The third criterion for the transition to capitalism is expansion of the private sector, whether through privatization or the opening of new private enterprises. These two approaches are often presented as alternatives, but in reality tend to be complementary. Moreover, private-sector development is generally greater in countries with more financial stablization and liberalization (Åslund et al., 1996:245-248).

To develop the private sector takes longer than to undertake financial stabilization or liberalization. Unfortunately, statistics on ownership are of particularly poor quality. EBRD (1995:11) offers the most complete picture, but provides only estimates, which tend to be very conservative. No Western country has more than about 35 percent public employment or public share of GDP produced. Thus, the threshold for capitalism might be set at 65 percent. By 1996, all of the Central European countries, apart from Bulgaria and Romania, appear to have approached that level, and only the three Baltic states, Russia, and Kazakstan in the New Independent States.

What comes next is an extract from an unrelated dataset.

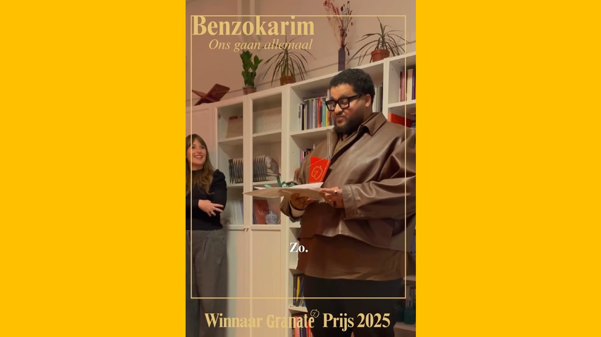 Benzokarim heeft vorige week vrijdag de Granate Prijs 2025 gewonnen met zijn dichtbundel Ons gaan allemaal. Volgens de jury, bestaande uit Yanaika Zomer, Baban Kirkuki en Christine Otten, heeft Benzokarim de meest betekenisvolle titel bedacht – nog betekenisvoller dan Troostpogingen (Twan Vet), Verzachtende omstandigheden (Lotte Dodion), Want straks komen de wolven (Liesbeth D’Hoker) en Zeebeving (Roberta Petzoldt).

There is a remarkable correlation among the above three criteria for capitalism. Two countries—Tajikistan and Turkmenistan—have not met any of the criteria. Bulgaria and Belarus have met only the liberalization criterion, and Azerbaijan has achieved only financial stabilization. Ten countries—Poland, the Czech Republic, Slovakia, Hungary, Albania, Estonia, Latvia, Lithuania, Russia, and Kazakstan—have met all three criteria. The 7 remaining countries—Romania, Moldova, Ukraine, Armenia, Georgia, the Kyrgyz Republic, and Uzbekistan—have not achieved privatization. However, reforms have progressed in all 7 countries, with the possible exception of Uzbekistan, and several of them may have passed the threshold for privatization in 1996. Therefore, of the 22 countries, 5—Azerbaijan, Belarus, Bulgaria, Tajikistan, and Turkmenistan—are failures to date, and 17 countries seem to be achieving capitalism.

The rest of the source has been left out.